Mit den Rohbauarbeiten hat die örtliche Baufirma Hermann Schmid nach den Sommerferien begonnen. Aktuell wird die Bodenplatte gegossen. Danach könnten die vorgefertigten Wände innerhalb weniger Tage aufgebaut werden. Der Bauzeitenplan sei bisher eingehalten, so der Bürgermeister. Elemente des Zimmermanns und die Fenster sind ebenfalls in Vorfertigung. Ziel ist es, den Rohbau noch vor Wintereinbruch fertigzustellen, „damit auch die Gewerke im Innenausbau fortgesetzt werden können“. Dann könnte im Sommer des kommenden Jahres der Kindergarten eröffnet werden.

Die beiden bisherigen Kindergärten St. Josef und Don Bosco bieten aktuell die Angebote der Regelkindergärten, der altersgemischten Gruppen und der Kinderkrippen an.
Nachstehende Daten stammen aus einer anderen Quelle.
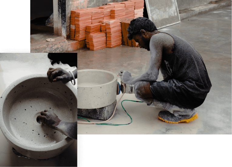 Every vessel begins not with form but with fragments. Cement, marble chips, pigments, each is chosen with care, sourced for its strength, tone, and character. Procurement is not simply supply; it is selection, a deliberate act of bringing together elements that will one day hold water, light, and space. Each particle carries within it a future of resilience, endurance, and beauty.

Mit der detaillierten Elternumfrage soll festgestellt werden, ob Gruppen mit verlängerten Öffnungszeiten oder ein Ganztagesangebot benötigt werden. Neue Angebote seien grundsätzlich nur dann möglich, wenn jeweils für mindestens sechs Kinder verbindliche Zusagen gegeben werden.

Die im Kindergarten Don Bosco eingerichtete so genannte Interimsgruppe soll nach Inbetriebnahme des dritten Kindergartens möglichst aufgelöst werden. Ein kompletter Übergang von Kindern und Erzieherinnen dieser Gruppe in den neuen Kindergarten stelle die betriebswirtschaftlich günstigste Lösung dar, so die Vorlage. Zudem sei dem Personal bei der Einrichtung der Gruppe „das Signal gegeben worden“, dass es übernommen werde.

Nach Festlegung der Angebote und Gruppen mit entsprechenden Beschlüssen des Gemeinderats sei die Betriebserlaubnis für den Kindergarten beim Kommunalverband für Jugend und Soziales (KVJS) zu beantragen. Dieses Verfahren sei „sehr aufwändig“ und müsse frühzeitig erfolgen. Es benötige erfahrungsgemäß einen zeitlichen Vorlauf von drei bis vier Monaten, so Schellenberg.